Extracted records
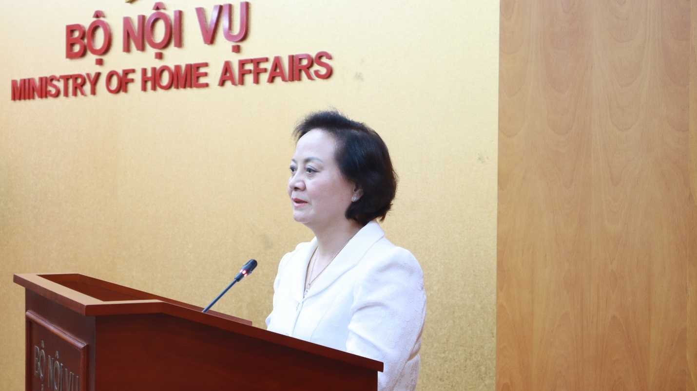 Bộ trưởng Phạm Thị Thanh Trà phát biểu giao nhiệm vụ cho hai đồng chí tân lãnh đạo Viện Khoa học tổ chức nhà nước tại buổi Lễ
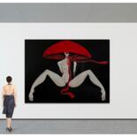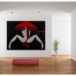 This captivating oil painting on canvas, titled "Nude in a Red Hat," is a celebration of the female form. The artist's long-standing fascination with the nude figure is evident in this bold and evocative piece. Rendered in a contemporary style with elements of surrealism, the artwork presents a unique perspective on portraiture.
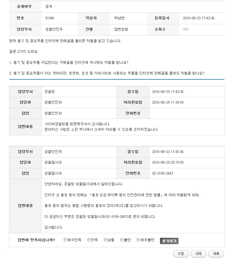 Á¤ºÎ ºÎó¿¡ ÁúÀǸ¦ Çϸé ÁúÀÇ ÀÚ°¡ ¿ä±¸ÇÏ´Â ¸íÈ®ÇÑ ´äº¯À» ²À Âó¾î¼ ÇØ ÁÖÁö ¾Ê°í ¹ý Á¶Ç× µîÀ» ¼³¸íÇϵíÀÌ ´äº¯À» ÇÏ¿© ÁúÀÇ ÀÚ°¡ ¿øÇÏ´Â ´äº¯À» ¹Þ±â°¡ ¾î·Á¿îµ¥ À§ ÁúÀÇ, ´äº¯ ³»¿ëµµ ÁúÀÇ´Â ±¸¸ÅÇÏ¿´À» °æ¿ì À§¹ý¿©ºÎ¸¦ ¹¯´Âµ¥ ´äº¯Àº ÆÇ¸Å¸¦ ÇÏ¿´À» °æ¿ì ó¹ú ³»¿ëÀ» ´äº¯À¸·Î º¸³» ÁذÍÀ¸·Î ÆÇ´ÜµË´Ï´Ù.
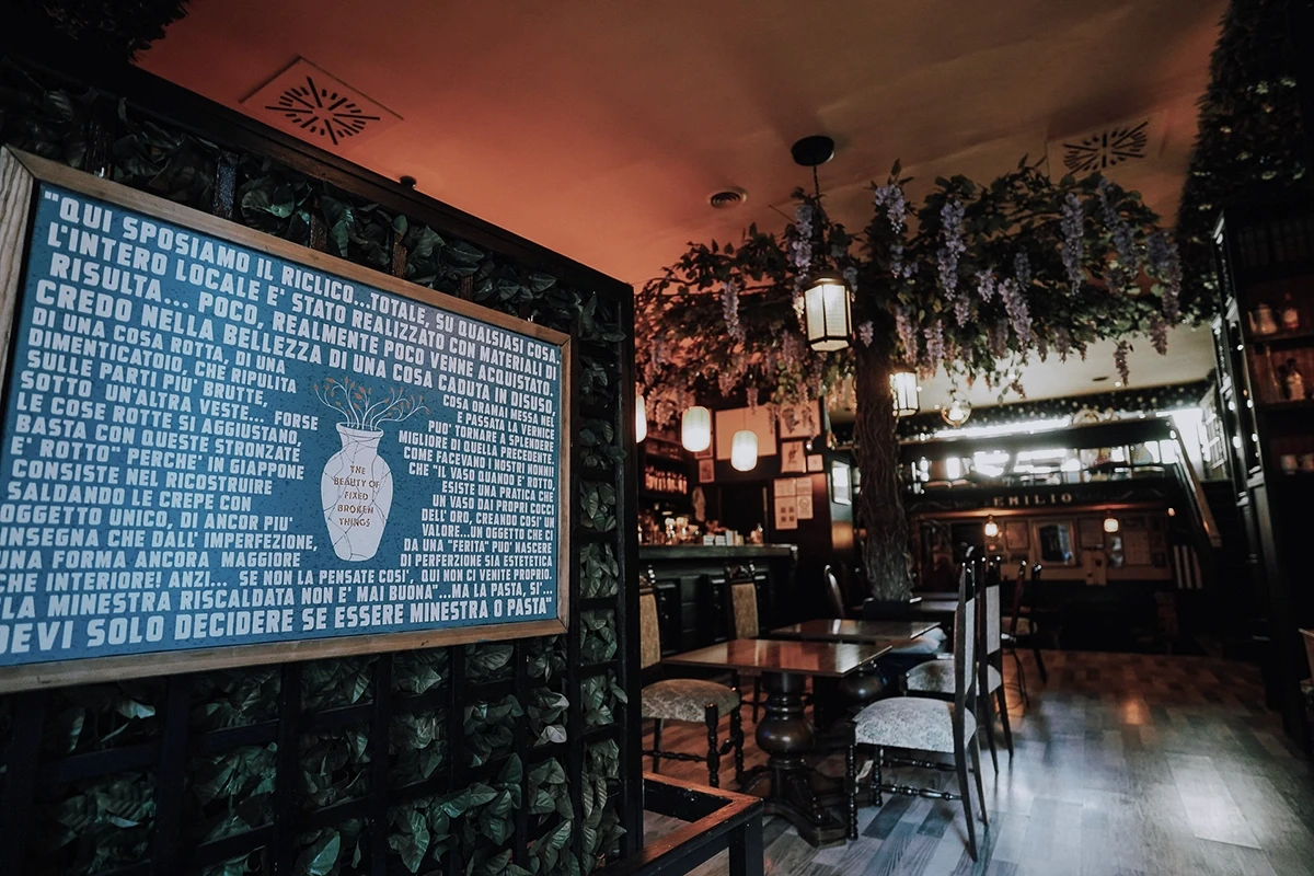 Emily nasce dal recupero: materiali di scarto, porte, finestre e oggetti dimenticati tornano a vivere con una nuova funzione.
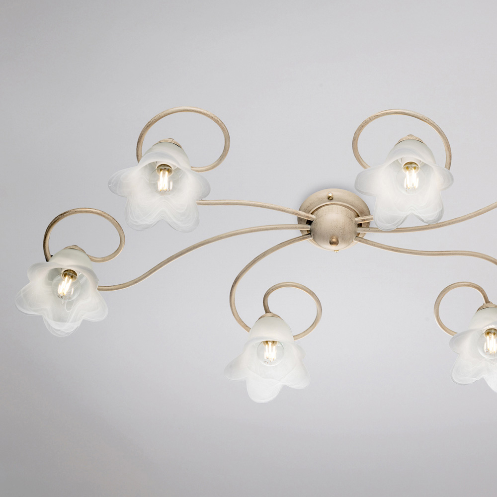 Materialet e përzgjedhura me kujdes - hekuri dhe qelqi - japin një efekt elegant dhe një dalje të këndshme drite. I prodhuar tërësisht në Itali, ky ndriçues tavani është rezultat i një mjeshtërie të kujdesshme që përmirëson si estetikën ashtu edhe funksionalitetin.
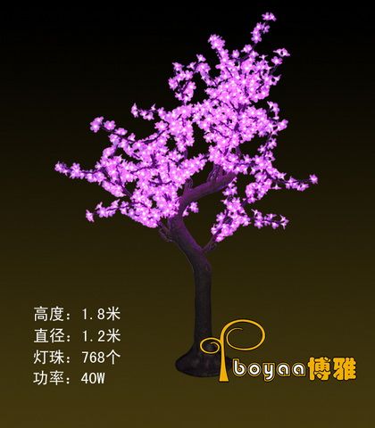 粉红色 、紫红色 100%双芯片LED 绝对不是点荧光粉的LED 保证一年光衰。如几个月光衰了包退包换!仿真树杆全部做树皮的效果,绝对不是直接刷油漆的生产工艺! 电源全部采用外置铝壳散热全防水整流器,博雅灯饰独家推出!
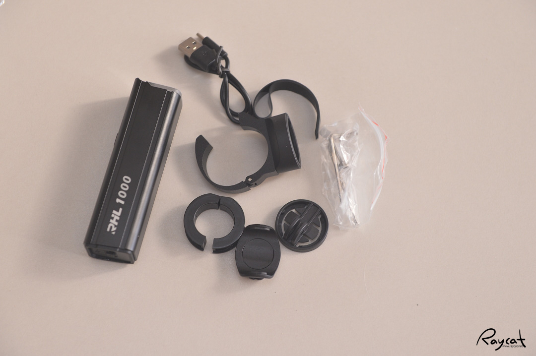 가격은 3만 원대로 제품 패키지의 구성품을 보면 RHL1000 전조등, 자전거에 결합하는 브라켓, USB-C 케이블, 고프로용 마운트, 육각렌치가 있습니다. 휴대하기 쉽고 분리해서 후레시처럼 사용할 수 있는 전조등이라 분리나 결합은 쉬운 편입니다.

DIRECTIONS - Could you copy exactly, and with no pictures, the lines above from the one containing "粉红色 、紫红色 100%双芯片LED" through the last line, both included?

RESULT -
 粉红色 、紫红色 100%双芯片LED 绝对不是点荧光粉的LED 保证一年光衰。如几个月光衰了包退包换!仿真树杆全部做树皮的效果,绝对不是直接刷油漆的生产工艺! 电源全部采用外置铝壳散热全防水整流器,博雅灯饰独家推出!
 가격은 3만 원대로 제품 패키지의 구성품을 보면 RHL1000 전조등, 자전거에 결합하는 브라켓, USB-C 케이블, 고프로용 마운트, 육각렌치가 있습니다. 휴대하기 쉽고 분리해서 후레시처럼 사용할 수 있는 전조등이라 분리나 결합은 쉬운 편입니다.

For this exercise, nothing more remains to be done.